----- RECORDS FOR PROCESSING
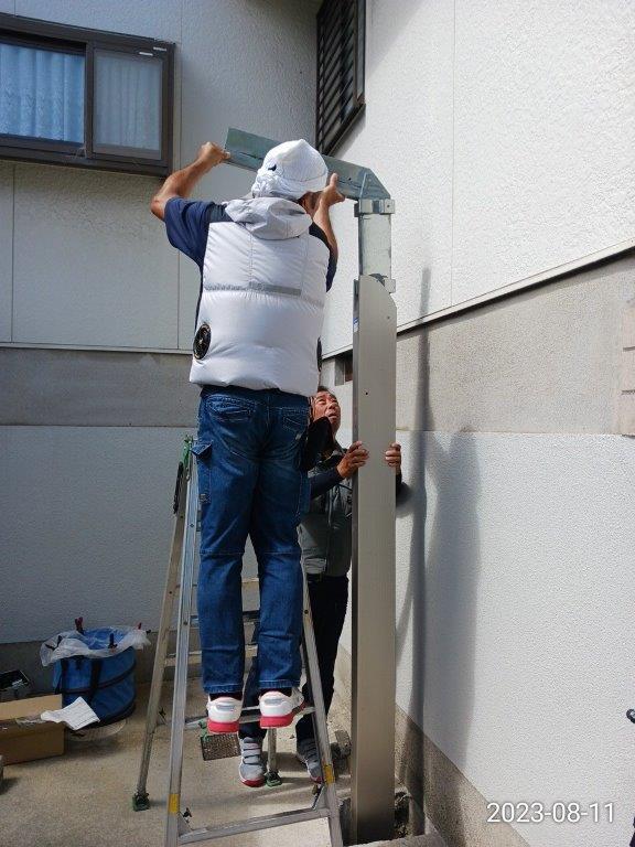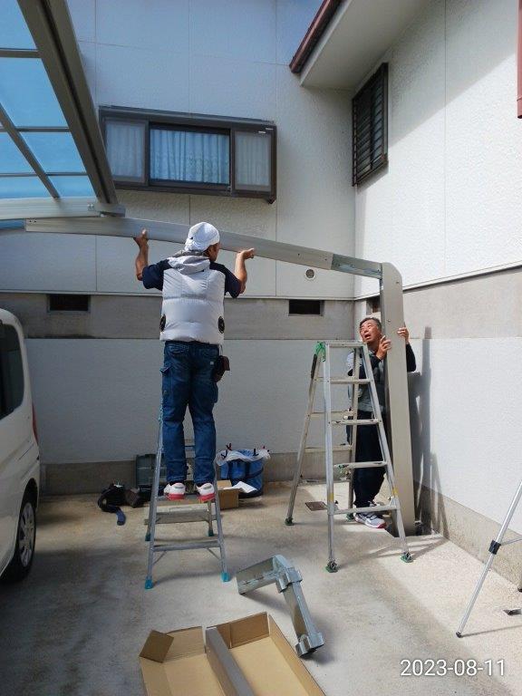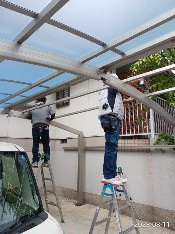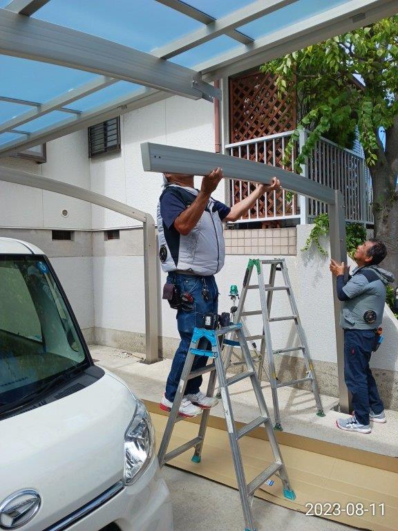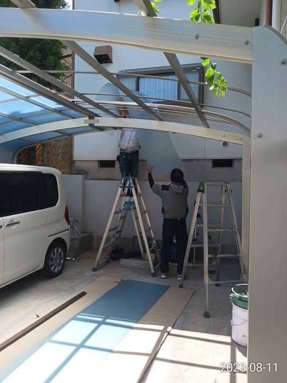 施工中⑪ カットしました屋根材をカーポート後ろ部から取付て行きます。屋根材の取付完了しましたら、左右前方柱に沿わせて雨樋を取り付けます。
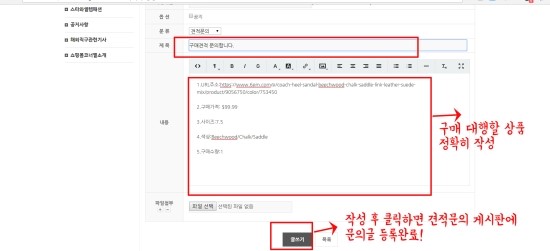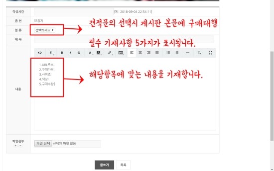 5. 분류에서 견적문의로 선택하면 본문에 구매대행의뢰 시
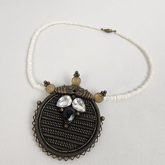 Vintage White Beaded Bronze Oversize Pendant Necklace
----------
----- RECORDS FOR PROCESSING
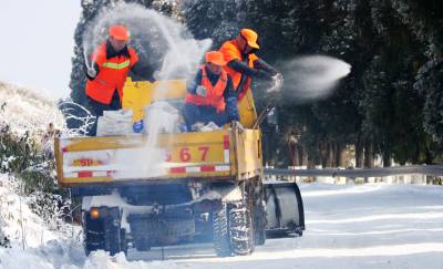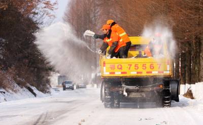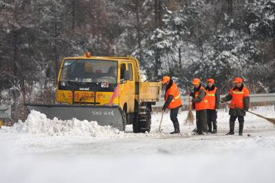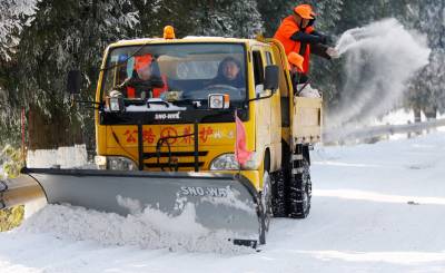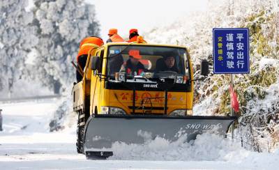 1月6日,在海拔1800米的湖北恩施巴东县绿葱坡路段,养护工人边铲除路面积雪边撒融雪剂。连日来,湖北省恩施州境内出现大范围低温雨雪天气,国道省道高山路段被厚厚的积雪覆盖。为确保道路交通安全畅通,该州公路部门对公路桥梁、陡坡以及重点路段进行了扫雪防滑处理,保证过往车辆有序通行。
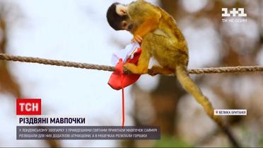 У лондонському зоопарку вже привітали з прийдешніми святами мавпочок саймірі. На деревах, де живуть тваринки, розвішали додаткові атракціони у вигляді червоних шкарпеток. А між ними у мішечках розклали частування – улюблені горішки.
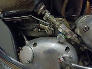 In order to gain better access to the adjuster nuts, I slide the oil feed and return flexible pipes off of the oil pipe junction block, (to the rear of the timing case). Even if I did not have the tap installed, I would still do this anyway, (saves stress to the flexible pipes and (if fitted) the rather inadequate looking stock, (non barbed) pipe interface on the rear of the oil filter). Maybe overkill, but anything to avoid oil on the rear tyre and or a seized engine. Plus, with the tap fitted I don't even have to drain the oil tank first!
----------
----- RECORDS FOR PROCESSING
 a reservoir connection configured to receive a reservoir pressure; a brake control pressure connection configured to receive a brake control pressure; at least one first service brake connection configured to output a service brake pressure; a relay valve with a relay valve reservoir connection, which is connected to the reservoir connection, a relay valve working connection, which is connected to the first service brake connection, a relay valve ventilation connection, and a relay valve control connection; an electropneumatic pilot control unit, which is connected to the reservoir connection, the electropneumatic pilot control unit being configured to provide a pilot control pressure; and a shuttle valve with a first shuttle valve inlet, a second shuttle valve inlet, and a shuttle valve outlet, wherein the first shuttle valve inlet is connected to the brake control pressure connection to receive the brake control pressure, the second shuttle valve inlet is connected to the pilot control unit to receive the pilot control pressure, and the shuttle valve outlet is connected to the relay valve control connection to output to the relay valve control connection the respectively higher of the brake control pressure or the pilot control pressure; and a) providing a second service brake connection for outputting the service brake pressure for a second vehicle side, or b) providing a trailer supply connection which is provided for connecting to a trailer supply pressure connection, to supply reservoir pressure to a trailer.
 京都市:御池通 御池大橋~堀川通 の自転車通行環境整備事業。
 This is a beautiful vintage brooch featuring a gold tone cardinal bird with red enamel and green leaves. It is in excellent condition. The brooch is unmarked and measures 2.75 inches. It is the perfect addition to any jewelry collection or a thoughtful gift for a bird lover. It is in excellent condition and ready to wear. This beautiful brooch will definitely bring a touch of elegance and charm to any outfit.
----------
*WORK ITEM*. Your reply should hold nothing but the lines above, from the one containing "施工中⑪ カットしました屋根" to the one containing "Vintage White Beaded", reproduced exactly minus the pictures.

*EXPECTED ANSWER*.
 施工中⑪ カットしました屋根材をカーポート後ろ部から取付て行きます。屋根材の取付完了しましたら、左右前方柱に沿わせて雨樋を取り付けます。
 5. 분류에서 견적문의로 선택하면 본문에 구매대행의뢰 시
 Vintage White Beaded Bronze Oversize Pendant Necklace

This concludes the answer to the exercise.